Article 53 of Federal Decree-Law No. (8) of 2017 on Value Added Tax, describes the method to Calculate UAE VAT Payable to FTA(Federal Tax Authority).
Due Tax for a Tax Period
Article (53) Calculation of Payable Tax
The Payable Tax for any Tax Period shall be calculated as being equal to the total Output Tax payable
pursuant to this Decree-Law and which has been done in the Tax Period less the total Recoverable Tax by
said Taxable Person over the same Tax Period.
The above article States, Your the Output Tax less of Recoverable Input Tax is equal to Tax Payable.
Hence, the formula to Calculate UAE VAT payable is as below:
Output VAT – Recoverable Input VAT = VAT payable
From Jan 2018, VAT is all set to be implemented in UAE. It is necessary for businesses to get ready for VAT compliances.
Businesses will have to maintain records, collect and pay VAT, the filing of VAT returns etc. all in accordance with the VAT Law.
Let us understand the above with the help of an example.

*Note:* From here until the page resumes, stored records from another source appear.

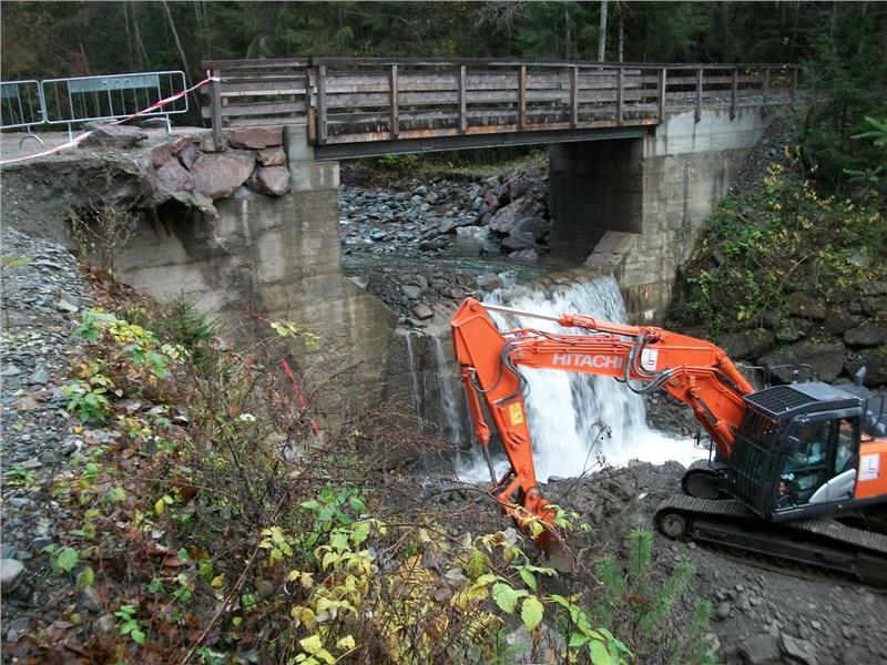 Nach den heftigen Unwettern Ende Oktober ist auch im Tinnetal ein Einsatz notwendig. Vorarbeiter Hubert Rungger und sein Bautrupp sind derzeit dabei, unterspülte Uferverbauungen am Nockbach wieder instandzusetzen und beschädigte Querwerke zu sanieren. "Im Bereich der Widerlager an den Brücken über den Nockbach muss auch der Uferschutz wieder aufgebaut werden", erklärt Bauleiter Vettori. (Widerlager sind Bauteile am Übergang von der Brückenkonstruktion zum anschließenden Erddamm.)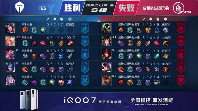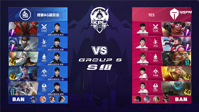 双方和平开局,2分23秒成都AG拿下第一条暴君,4分45秒成都AG拆掉TES下路一塔。5分59秒成都AG上路一塔被破,6分26秒成都AG拿下先知主宰,TES拿下暴君。7分钟中路团战TES打出2换3,拆掉成都AG中路一塔。8分30秒TES击杀成都AG橘右京,10分40秒中路团TES打出0换2,11分05秒TES拿下暗影暴君。12分20秒野区团成都AG击杀太乙真人,12分42秒成都AG拿下暗影主宰。13分16秒成都AG拆掉TES中路一塔,15分10秒野区团TES打出1换3,橘右京天秀击杀姜子牙后被镜击杀。17分钟TES拆掉成都AG上路二塔,17分21秒TES拿下暗影主宰,18分30秒成都AG牛魔被击杀。19分30秒成都AG三路二塔被破,20分34秒团战TES打出0换3,21分04秒TES拆掉成都AG下路高地,成都AG无力防守被一波拆掉水晶。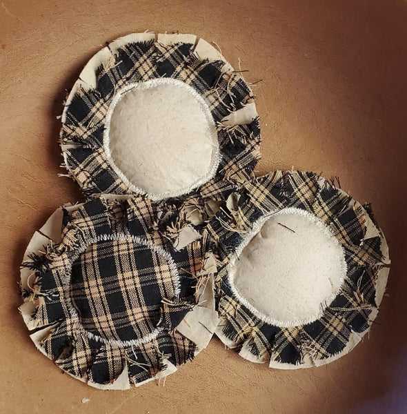 3 black plaid homespun flowers with a homespun center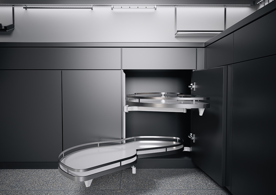 Dzięki specjalnie ukształtowanej geometrii półek, zwiększa rzeczywistą powierzchnię przechowywania nawet o 70%. To wyraźna przewaga nad porównywalnymi szafkami wysuwnymi. Jeśli LeMans II jest wyposażony w mechanizm tłumiący, który jest dostępny jako opcja, ruch półek jest prawie bezgłośny. Ten optymalny komfort można w każdej chwili szybko i łatwo zmodernizować.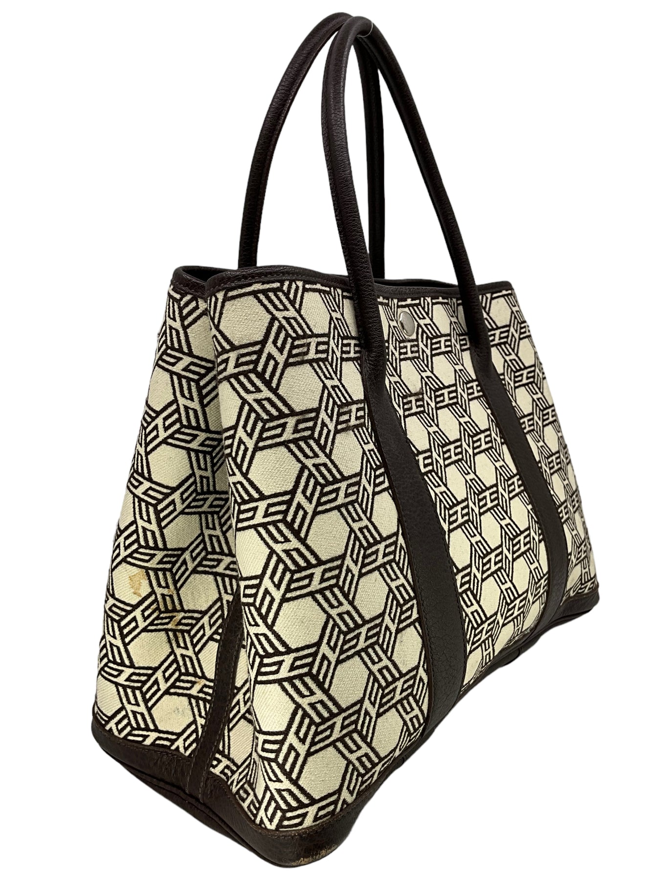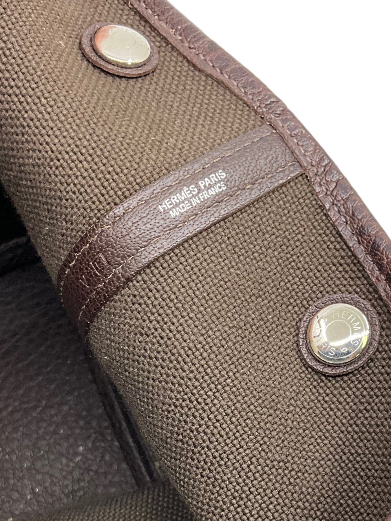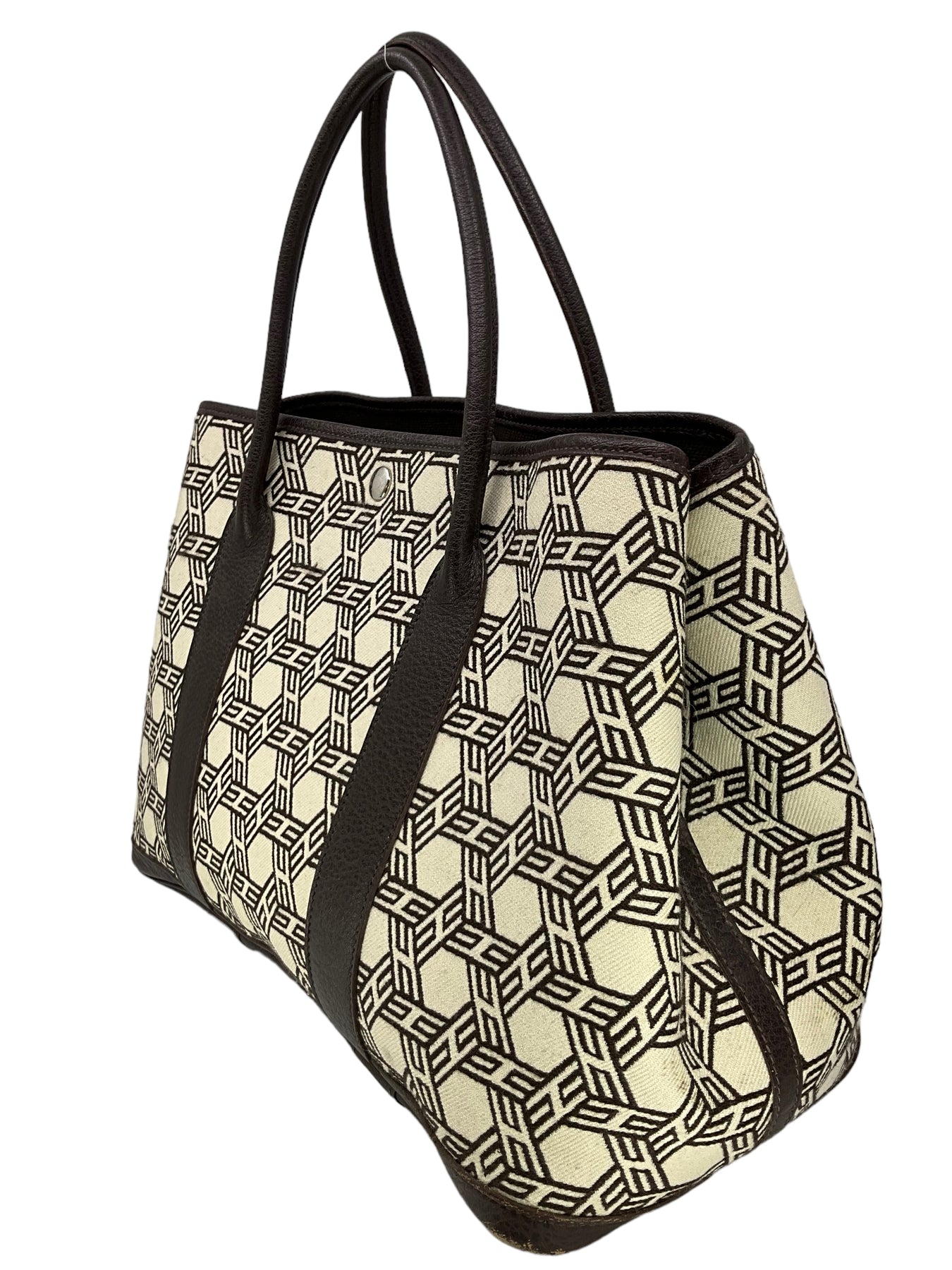 d Hermes Buffalo Leather and HERMES Mosaic Canvas Garden Party Tote Bag crafted in dark brown wool and leather with palladium metal hardware. It features dual rolled leather top handles, contrasting orange top stitching, side snaps, allowing the bag to expand for a roomier carry and a solid brown leather base. The secure snap closure opens to a bright orange canvas interior. Shop designer handbags by Hermes at Consigned Designs.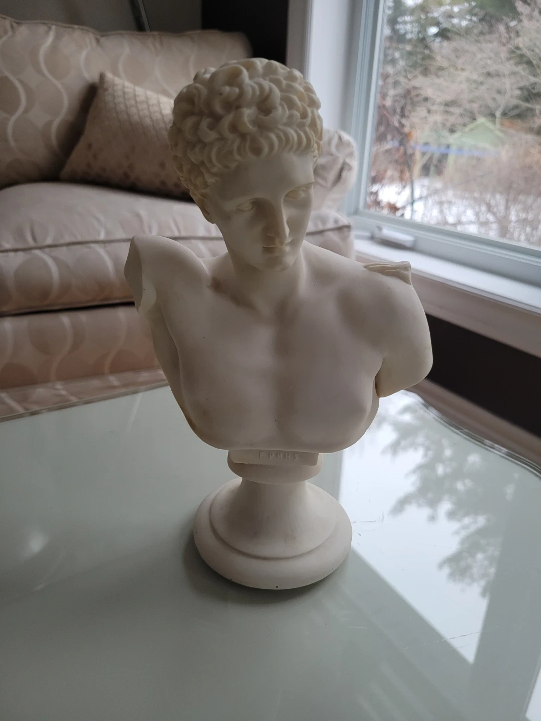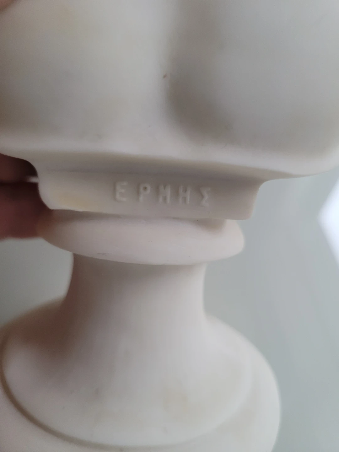 This is a marble like bust of Hermes. It's a decorative piece for your home. The base has the name 'ΕΡΜΗΣ' inscribed, which is Greek for Hermes.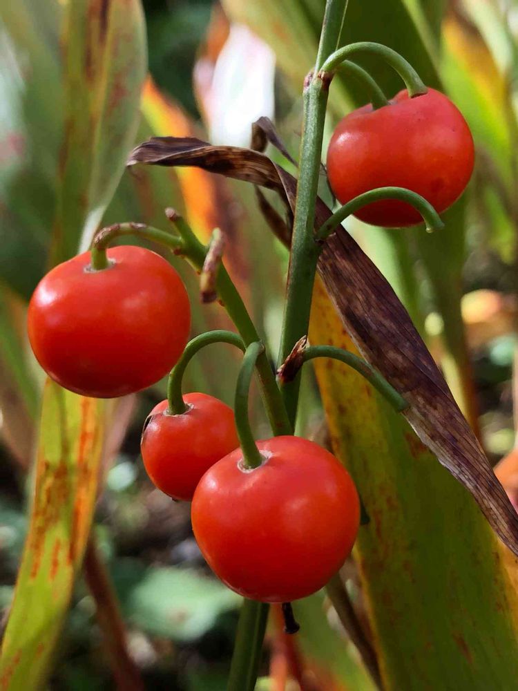 すずらんの実、赤くなったら ガーデンママにみせないとと、落ちてないか?少し緊張してました😅
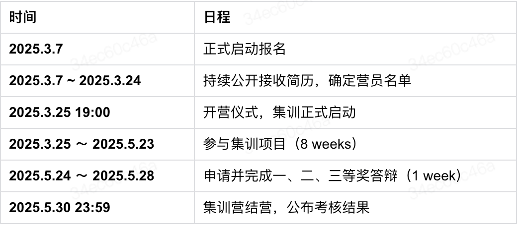 本次启航计划集训营为期 2 个月,以双周报提交形式进行阶段性汇报总结。整体的安排节奏如下表,没有参与过启航计划的同学可以留步围观哦~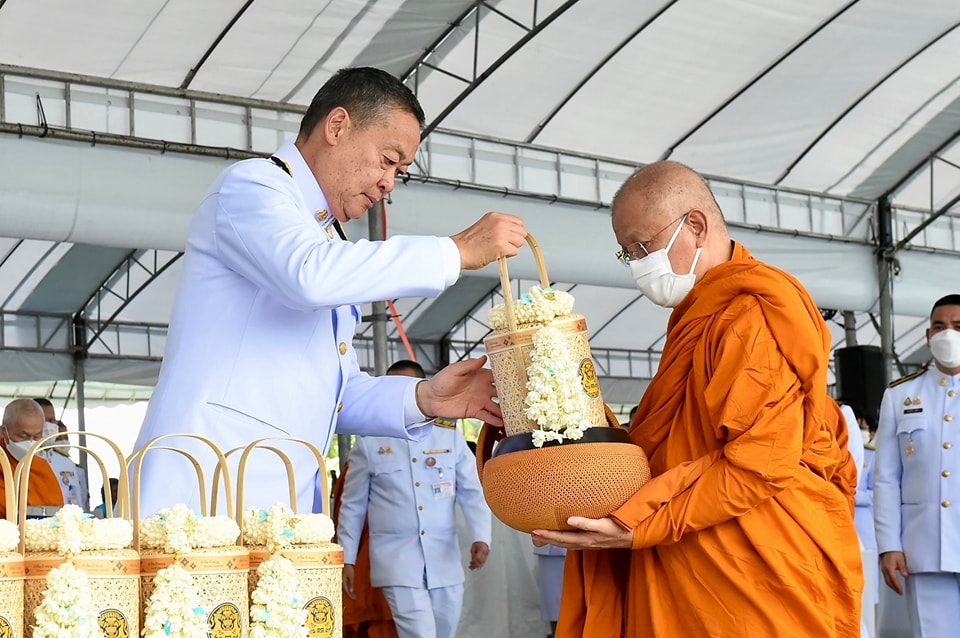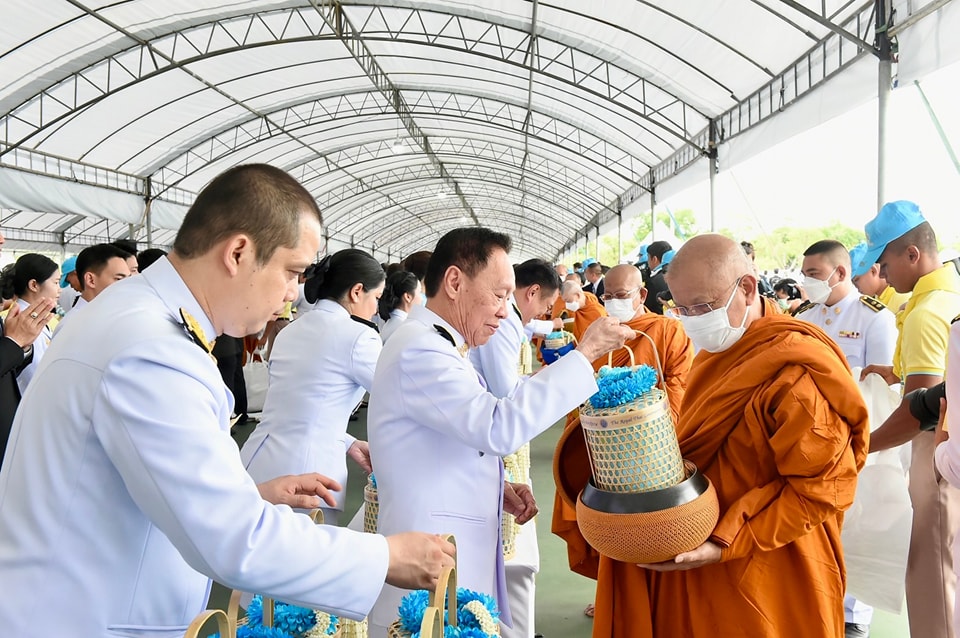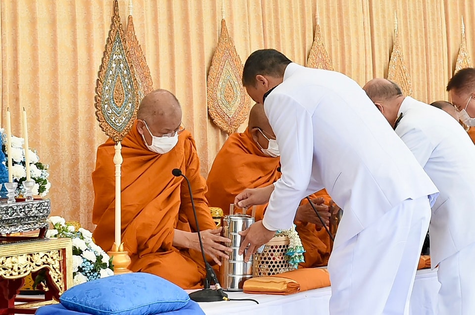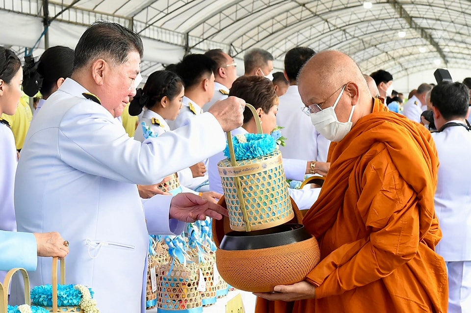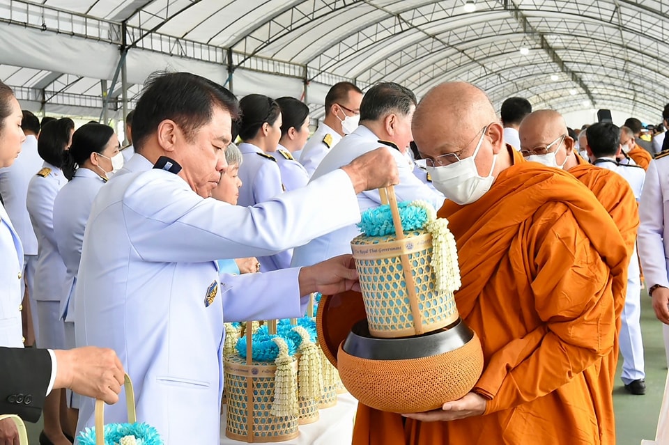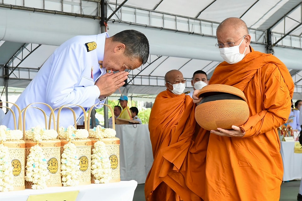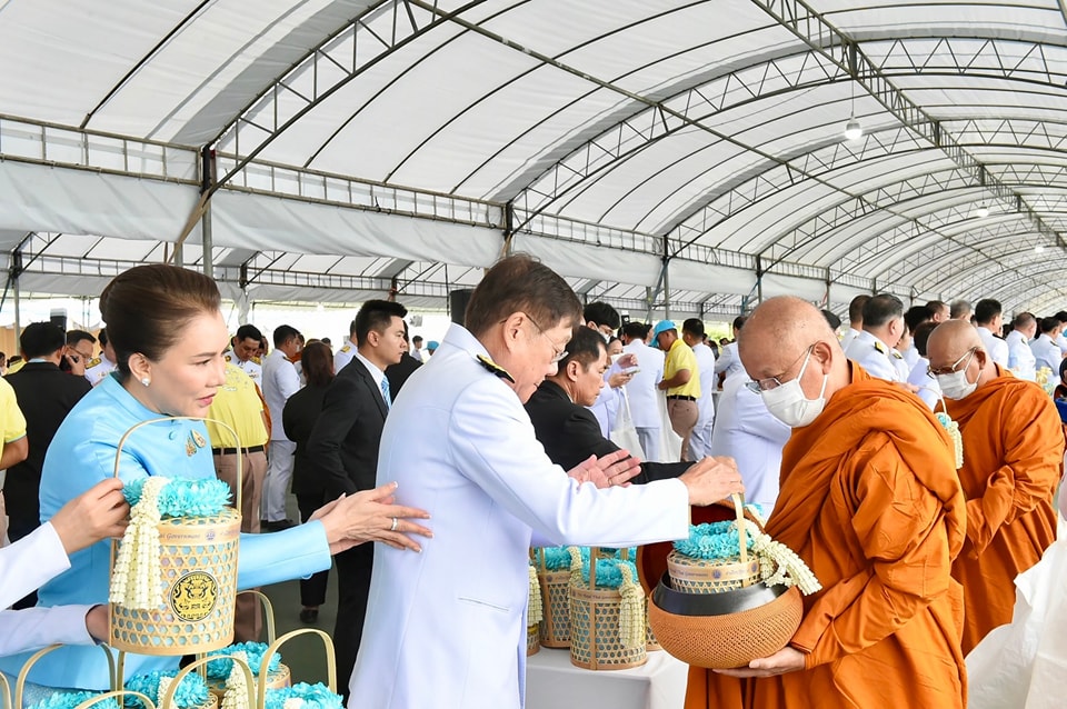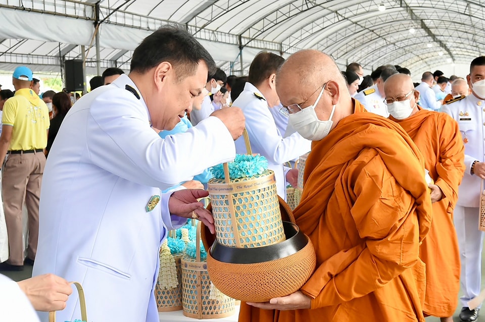 ต่อจากนั้น นายกรัฐมนตรีและภริยา นำผู้เข้าร่วมพิธีร่วมตักบาตรพระสงฆ์ จำนวน 193 รูป เสร็จพิธี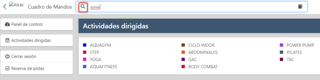 Desde el menú se deberá acceder al apartado Actividades Dirigidas a través del botón que muestra la imagen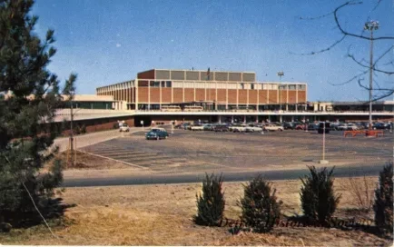 Printed on verso: Northland Center, Detroit, Michigan. "The world's largest shopping center", built by the J. L. Hudson Company and opened in March, 1954. The center section, occupied by the J. L. Hudson Company, is surrounded by beautifully landscaped malls ... including modern statuary ... restful redwood benches, fountains, trees, and flowers. Along the outer rim and in the concourses are some eighty stores, offering the latest and choicest of merchandise uniquely displayed. Tremendous parking areas, adequately marked and lighted, surround the whole project. This fabulous shopping center is located between 8 Mile Road and 9 Mile Road and bounded by Greenfield Road and Northwestern Highway on the northwestern boundary of Detroit.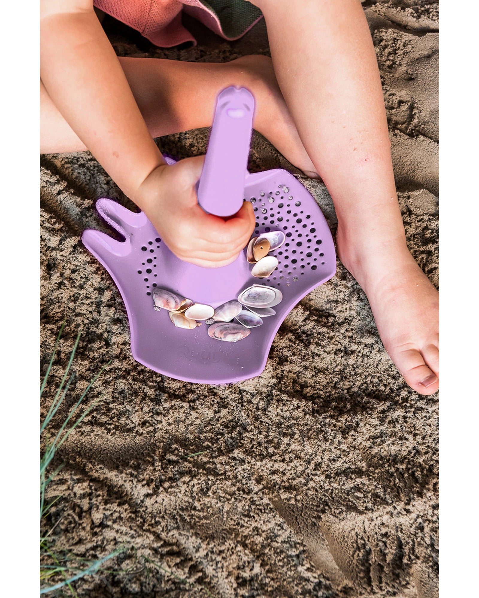 Part shovel, to help kids dig holes, build foundations and carve out moats, part sand sifter, to help remove shells and other sediment, for smooth, shapeable sand, part rake, to let kids create extra designs.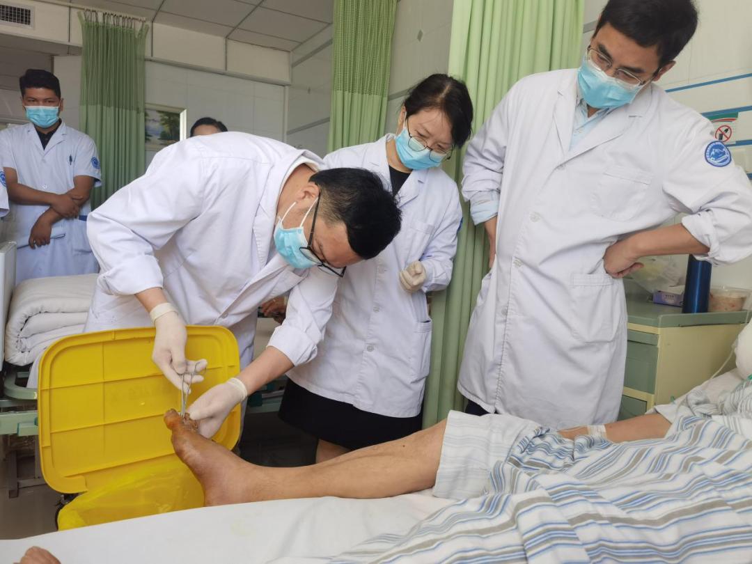 多学科糖尿病足病“小组团”援疆团队由我院内分泌科主任朱虹担任队长,带领血管外科副主任(主持)黄景勇、骨科周海波副主任医师,组成多学科糖尿病足病诊治团队。我院诊治团队到达阿克苏地区第一人民医院后,便立即深入内分泌科、血管外科、骨科等科室,了解糖尿病足病患者病情、诊疗过程,对疑难、危重患者进行多学科会诊,并结合医院及患者疾病特点制定精细的治疗方案与阿克苏地区医疗条件、医院学科建设、患者疾病特点等情况,制定多学科糖尿病足病诊治流程,助力医院多学科糖尿病足诊疗团队建设。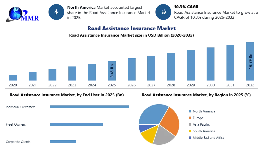 Road Assistance Insurance Market size was valued at USD 8.45 Bn. in 2025 and the total Road Assistance Insurance revenue is expected to grow at a CAGR of 10.3% from 2026 to 2032, reaching nearly USD 16.79 Bn.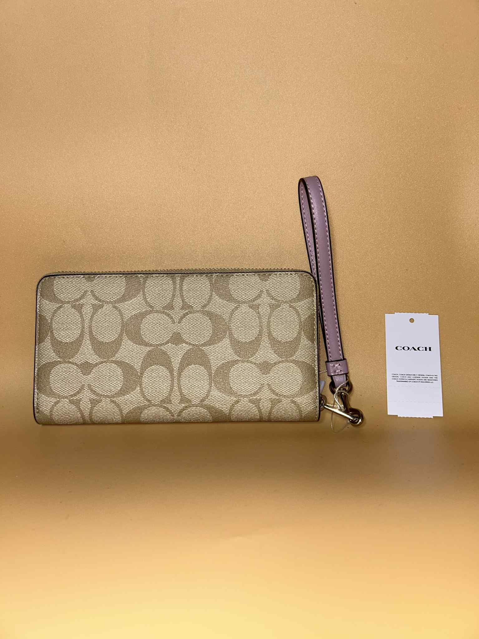 Coach Outlet Long Wallet for Women Signature Beige Silver Hardware and Ice Purple Strap - C4452 SVV7O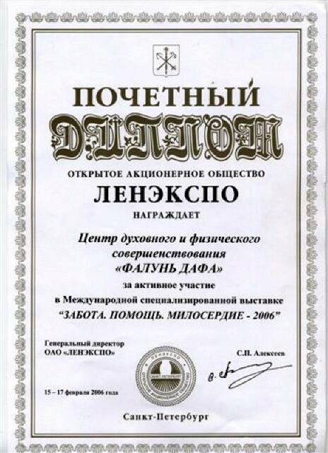 【明慧网2006年2月28日】2006年2月15—18日,在俄罗斯圣彼得堡国际展览中心,举办了为期三天的国际健康博览会。这次博览会的题目是:“关怀、帮助、慈善”,目地是利用这样一个机会,促進社会方方面面都来关心帮助老年人和残疾人。圣彼得堡的法轮功学员应邀参加了博览会。并举行了两场法轮大法介绍及五套功法演示。受到主办单位的好评和观众的热烈反响。

You purchase good from a distributor.
Distributor Price – AED 20,000.
5 % VAT Paid – AED 1000.
Purchase price – AED 21,000
Now you sell the above goods to your customers.
Your Price – AED 22000.
5 % VAT Collected – AED 1100.
Your Sale Price = 23100.
How to Calculate UAE VAT Payable?
VAT collected – VAT paid = VAT Payable
AED 1100 – AED 1000 = AED 100
Thus AED 100 is your payable amount to FTA.